Atlanta-based Malachi Financial Products Inc. will be the city's new contracted financial adviser to guide it through financing of its general fund debt in hopes of saving $27 million over the next five years. City council members approved the contract last night in a 6 to 1 vote.
A report Malachi Financial Products presented to the council in May predicts the city will face a $48.5 million budget shortfall by 2015, which sent council members reeling. Malachi Financial Products Inc. and Virginia-based Public Financial Management Inc. suggested the refinancing as a possibility in a larger money-saving plan that also included employee furloughs, increasing property taxes and eliminating city services.
City Deputy Director of Administration and Finance Rick Hill said that by refinancing its general fund debt, the city is putting off debt payments. The move will free up some cash to use in the short term, but it comes with the disadvantage of taxpayers having to pay that money back further into the future, when the city would much prefer to have as little debt as possible and contain future property tax increases.
The city would also be responsible for an extra $1.6 million in additional interest payments by delaying its debt payment, but Hill said the administration is banking on its ability to cash in on new property tax revenue from upcoming developments like the emerging Farish Street Entertainment District, the upcoming Capitol Green Project and the convention center hotel.
Monday, Ward 1 Councilman Jeff Weill took issue with Malachi Financial Products' $300,000 fee and demanded more information on what the city would pay the company to do before casting his vote Tuesday night. On Tuesday night, Weill cast the lone vote against the contract when no further information was presented in open session. Calls to Weill were not immediately returned.
Stokes' Battle
Ward 3 Councilman Kenneth Stokes took his personal battle with The Clarion-Ledger before the council this week by submitting an order to hire a contract attorney on his behalf to begin a "fact-finding lawsuit against the Clarion Ledger," for its recent coverage of Stokes' publicly financed travel costs and his low council meeting attendance record. Council members struck down the order in a 5 to 2 vote.

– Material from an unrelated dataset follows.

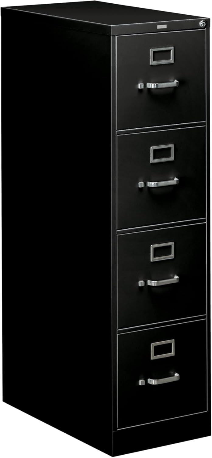 The HON 4-Drawer Letter File is a top-tier 4 drawer file cabinet designed to keep your high-security documents safe. Constructed from solid steel with vertical reinforcements and a double-walled front kickplate, this vertical file cabinet ensures durability and protection. The replaceable locks feature of this locking file cabinet means you can swap out the locks whenever necessary for added security. Our commercial-grade office file cabinets are built for smooth and quiet operation, thanks to ball-bearing full-suspension drawers and thumb latches that keep drawers firmly shut. The office cabinet design offers high drawer sides to support hanging file folders and label holders for easy document retrieval. Measuring 26.5 inches in depth, 52 inches in height, and 15 inches in width, this metal storage cabinet can accommodate a substantial amount of paperwork. Built by America’s filing leader, the HON 310 Series ensures longevity, backed by continuous quality testing and a Full Lifetime Warranty. The clean visual design of this office file cabinet blends seamlessly into any office space. Offering 25 filing inches per drawer, the file folder cabinet also features a brushed aluminum label holder and high drawer sides for additional hanging file support. Proudly made in the USA, this vertical filing cabinet provides reliable and efficient storage for years to come.

The Clarion-Ledger cited city documents last week indicating that Stokes attended only 27 of 55 full council meetings since last July. Stokes argues he should not have to attend every special meeting because he is often not present to schedule them.

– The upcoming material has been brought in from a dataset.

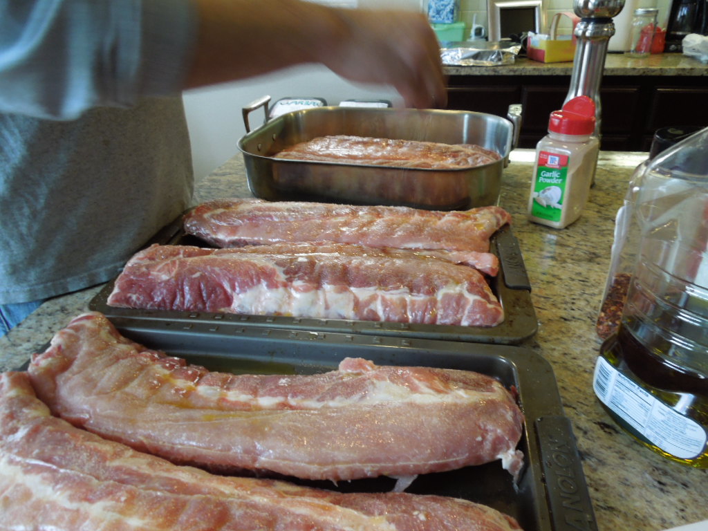 Preheat barbeque or grill. The ribs will cook for 3 hours total at around 200 degrees so make sure you have enough fuel.

Stokes also lashed out at the newspaper's story citing sources who had no knowledge of Stokes' presence at an American Association of State Highway Transportation Officials Subcommittee on Construction in Chicago last August, although Stokes' expenses for the conference cost taxpayers $2,745, according to The Clarion-Ledger.
Stokes told the Jackson Free Press that he was present at the events and revealed credentials that, he claims, prove his presence. On Tuesday, he presented nametags and brochures from the conference as proof that he was there.
Ward 7 Councilwoman Margaret Barrett-Simon voted against the order to sue The Clarion-Ledger, calling the prospect "a waste of taxpayer money."
In light of Stokes' travel expenses, Council President Frank Bluntson said he would enact a procedure of personally approving city expenditures for travel.
Drug House Demolitions
The council unanimously adopted a new city ordinance--pushed by Stokes--establishing new proceedings to demolish or seize abandoned buildings that the city purports to be locations for illicit drug activity and those considered to be public nuisances.
The ordinance passed Stokes' planning committee last month after the city's legal department tinkered with the law to bring it in line with state and federal laws. City legal insisted on adapting the proposed ordinance to avoid First Amendment violations similar to those the U.S. Department of Justice charged former Mayor Frank Melton with for his role in the 2006 demolition of a home on Ridgeway Street.
In August 2006, Melton, his two city-paid bodyguards and a host of young people not employed by the city destroyed a Ridgeway Street duplex Melton suspected as a drug house, although they discovered no drugs during the raid, triggering four years of litigation against the city and Melton. Mississippi unsuccessfully pursued charges against Melton, followed by federal civil-rights prosecution for Melton's violations against the owner and occupant of the home. Melton's bodyguards pled guilty to in the federal case, while prosecutors dropped charges against the mayor following his death last year. The city is currently in the middle of a civil suit with the owners of the Ridgeway Street home, which remains destroyed and uninhabited.
The ordinance will simplify the process by which the city can condemn and demolish "public nuisance" property and those suspected as sites for drug activity.
City Attorney Pieter Teeuwissen and assistant City Attorney Monica Joiner told the council Monday that the new ordinance will not violate the parameters of state and federal law, and ensures that the city will not incur any new violations.
"This ordinance sets forth procedures by which the city may file to get these abandoned drug houses demolished," Joiner told the council. Joiner explained that city authorities must file a petition with Hinds County Circuit Court, complete with evidence from law enforcement supporting the city's complaint that the property constitutes a public nuisance.
Determination of the home as a public nuisance or "drug house," ultimately remains within the discretion of the court.